In Canada, after Roche submitted a funding request through Health Canada in 2015, the pan Canadian Oncology Drug Review (pCODR) expert review committee (pERC) only recommended conditional funding of Avastin in subgroup high risk population, providing an improvement in its cost-effectiveness to an acceptable level . Following these recommendations, provincial jurisdictions negotiated the price of the drug with Roche to then provide their own policies individually regarding funding of this expensive intravenous therapy, currently estimated to cost approximately $2,500 CAD per injection, excluding the cost of administration such as chair time, nursing, and staff personnel. In addition, many jurisdictions have already approved the funding of this drug in the recurrent setting, although patients must not have received this in the front-line setting. As such, many oncologists may choose not to prescribe this in the first line setting and wait for disease recurrence, which occurs in most patients. Furthermore, providers who prescribe the drug differ in training background. While many are medical oncologists who are internal medicine trained, a large proportion of prescribers of chemotherapy for gynecologic malignancies in Canada and the United States are gynecology oncologists, who are surgically trained.

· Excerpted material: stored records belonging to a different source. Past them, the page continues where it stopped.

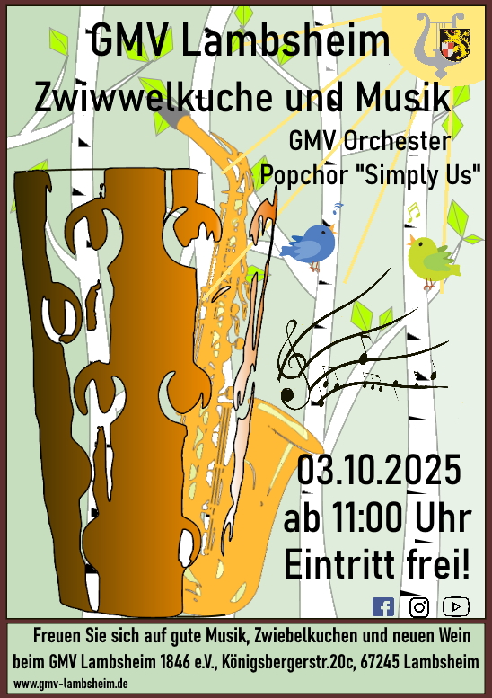 – dazu laden wir am 3. Oktober 2025 um 11 Uhr in die GMV-Halle ein. Freuen Sie sich auf Neuen Wein, Zwiwwelkuche und ein buntes Musikprogramm. Das GMV Orchester spielt mit Marsch, Polka, Samba und vielem mehr auf. Der GMV-Popchor „Simply Us“ unterhält mit Liedern aus dem aktuellen Konzertprogramm. Der Eintritt ist frei.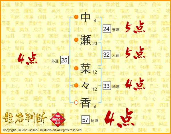 中(4画)瀬(20画) 菜(12画)々(12画)香(9画)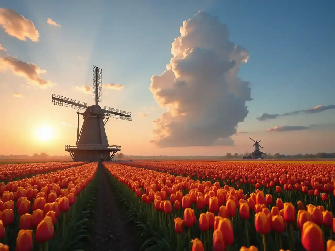 সূর্যোদয়ের সময় ডাচ গ্রামের বায়ু মিন এবং টিউলিপ

As such, there are inherent differences in the choice of drug prescription, with medical oncologists more inclined and comfortable to prescribe new targeted therapies. Gynecology oncologists have been reluctant to adopt Avastin in their practice mainly due to fear of bowel perforation, a complication that can occur with this drug in patients undergoing debulking surgery. Finally, where public funding is not available, patients with private drug insurance have been able to obtain adequate co-payment for their treatment when deemed appropriate. This ultimately leads to inequity in access to front-line therapy for ovarian cancer and an inherent heterogeneity in oncologic outcome based on geography and provider. Challenges of cancer drug therapy in health policies: the suppliers
To better understand the reasoning behind the funding polices that are made, it is important to consider the incentives and objectives of the different stakeholders involved. Pharmaceutical companies have become the largest markets in the field of oncology, especially with the modern era of targeted therapy as we move towards personalized medicine. According to the Canadian Centre for Health Economics, one must consider the incentives for the producers, consumers, and regulators of drugs to develop good pharmaceutical policy . The goal of the producers, i.e., the pharmaceutical companies, is to maximize profit. They are given incentives to provide a stream of new drug therapies while also restricting their costs. The competition that exists amongst pharmaceutical companies allows for lower drug prices and increased choices for the consumers, which ultimately benefits society at large. Fundamentally, the goal of such policies is to maximize social benefit. The consumers, on the other hand, seek to obtain individual health as a capital good, or health capital. In the world of oncology, good health is measured by survival time and the quality of this time.
As such, for most randomized phase 3 clinical trials involving a new drug therapy, the primary endpoints required to obtain regulatory approval are usually overall survival and/or quality of life . With improvement in drug therapy over time, it has become increasingly difficult to achieve these endpoints, because researchers must constantly find a treatment that is better than the current standard of care, which continues to evolve with time . Many trials now use endpoints such as Progression-Free Survival (PFS) as a surrogate marker for overall survival and have been able to obtain accelerated regulatory approval based on preliminary results . However, many phases 2 trials with promising PFS results ultimately do not show overall survival benefit in phase 3 setting due to various factors, so it is important avoid non-validated surrogate endpoints in registration trials . In addition, quality of life in these studies have become increasingly important to report and have become a standard measure of effectiveness in drug therapy.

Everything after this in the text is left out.